The labour cost will indeed be paid whether or not they do the new project. However, think about this: Suppose the selling price is $20, the labour is $4, and the other variable costs (materials and overheads) are $3. The contribution is therefore $13.

If the labour is moved to another job, then they will lose the revenue of $20. They will save the other variable costs of $3. The labour will still be paid. So they will lose 20 โ 3 = $17, and this is the relevant cost. This is (and always is) the same as the contribution of $13 plus the labour of $4.

Thank you so much for your lecture. if we get the nominal rate is 13.3% we can use 13% df in the table, but what if its 13.78% can we use 14% or do we have to use fraction(1/1+r). Thank you.

1. Inflate the cash flows and you’d have to discount them at the actual/nominal cost of capital if you’re provided with it. If you aren’t, use the Fisher Formulae to determine the nominal cost of capital.

2. If you don’t inflate them, you’d have to discount them at the effective interest rate/ real cost of capital.

Hi john I’ve got the point that we would get the same NPV whether we discount real cash flows by the real cost of capital or the inflated cash flows by the inflated cost of capital, but in the example there is no scrap & tax savings, if there had been any of these in the question, then the NPV we would get by discounting at the real cost of capital would be higher than the NPV calculated using the nominal or inflated cost of capital.
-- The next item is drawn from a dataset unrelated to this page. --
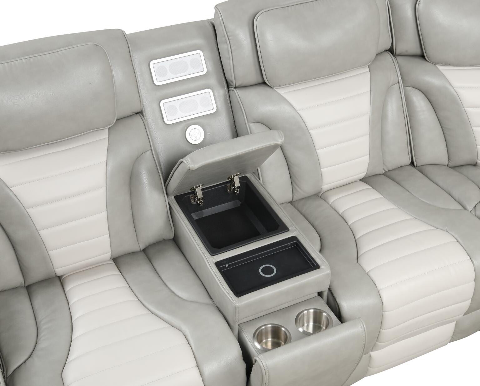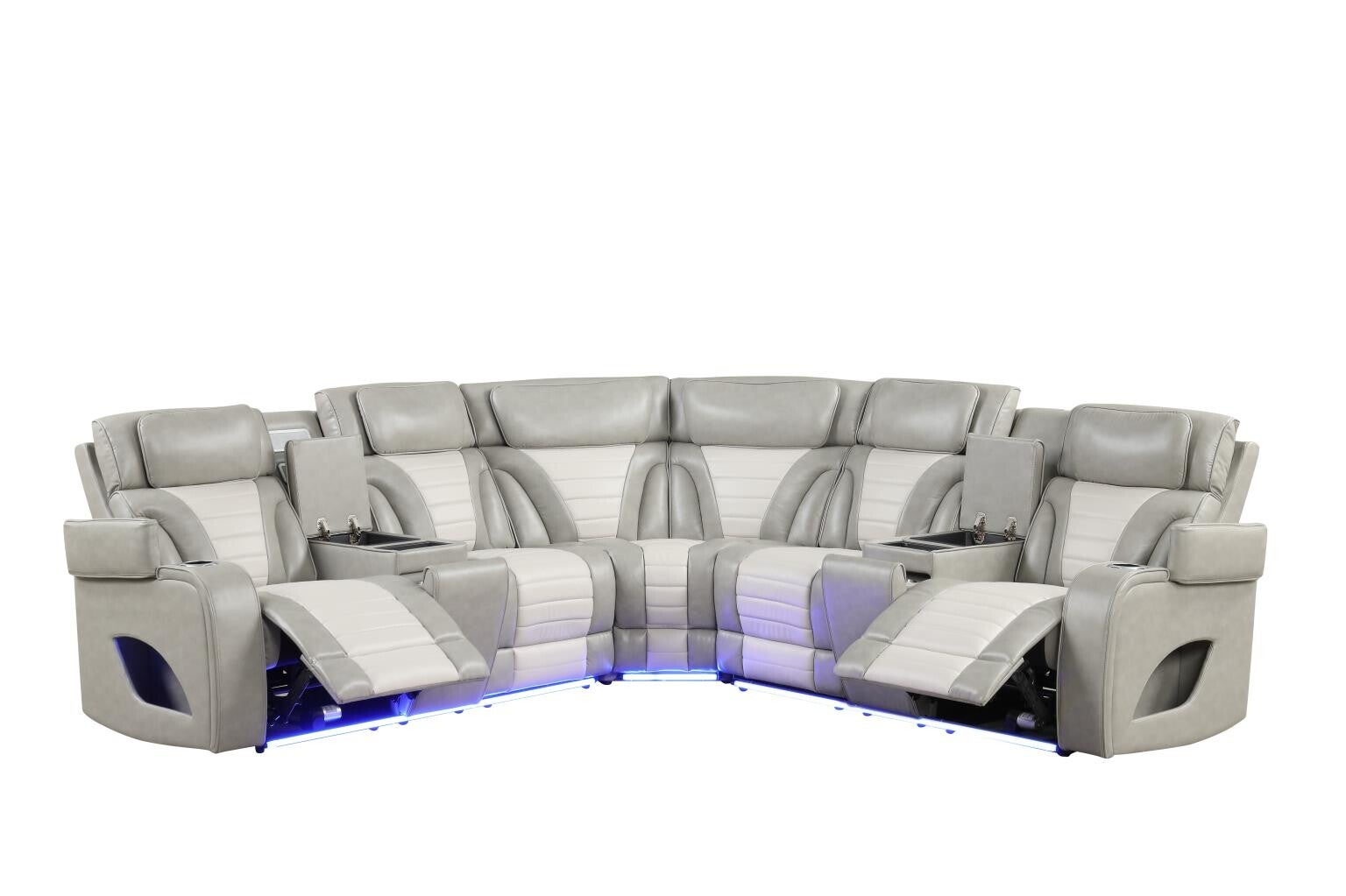 Atlas - Gray & Ice 3PCS Power Recliner Sectional with Power Headrest, Console, Wireless Charging, Speaker, LED. USB Charger, Cup Holder

My question is that how will it affect our decision & should we discount the tax savings & scrap value at the rate of inflation, before including them in cash flows, while discounting at the real cost of capital(because both of them are future values), to get the same NPV?

Secondly, as you said that in theory, the change in inflation rate doesn’t makes a difference to our decision as the cost of capital will change accordingly, resulting in same npv, but you focused that it is only in theory, why not its always the case practically?
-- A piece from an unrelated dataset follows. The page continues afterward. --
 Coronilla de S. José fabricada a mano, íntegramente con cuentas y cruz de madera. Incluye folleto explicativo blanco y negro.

The answer to both your points is that discounting the real cash flows at the real cost of capital only ‘works’ if all of the cash flows are inflating at the same general rate of inflation.

In real life and in most exam questions, different cash flows are subject to different inflation rates and therefore we need to inflate the cash flows to get the actual/nominal cash flows and then discount at the actual/nominal cost of capital.

As in your example, a general rate of inflation is applied to all cash flows, for example: If there were tax payments & tax savings in the same question & we are required to calculate the NPV in real & nominal terms, in this case, applying tax rate on the real cash flows will result in lower tax payments than applying the tax rate on the nominal flows, but if we calculate tax savings due to capital allowances, they will be the same in both cases. My question is that why don’t we deflate the figures for tax savings, before including them in the calculation of NPV, using real rate? The reason i’m asking this, is that there is one such question in December 2013 exam.

The December 2013 question was a slightly silly question for the reasons you have stated. However the examiner did allow you to deflate the tax savings which is what effectively he did in the alternative approach that he showed in his answer.

It is 6 per unit certainly, but the net operating flow is 60,000 which is what I have in the lecture (as usual in the exam, and as I say in the lecture, all of the figures are in thousands).

Kellysays

Wonderful lecture Sir. Just a small observation. If you just calculate 1.05/1.15 you get 9.13%, rounded to 9%. Then you discount at 2.531 and the NPV is +31.86 which is much closer to the initial +32.

Please I don’t get the comments here or they are probably misleading. 1/1.0952=0.913075=91.3% and not 9.13%. I think its just mere coincidence because discounting 1000 at 9.52% (df =1/1.0952) is never the same as discounting the same thousand at 9.13% (df=1.0913). I hope am clear.

Hi Mr. Moffat, do we ever round down instead of up? For example, 9.52% becomes 10%, had it been 9.22 would it still round up to 10% or would we round down to 9%?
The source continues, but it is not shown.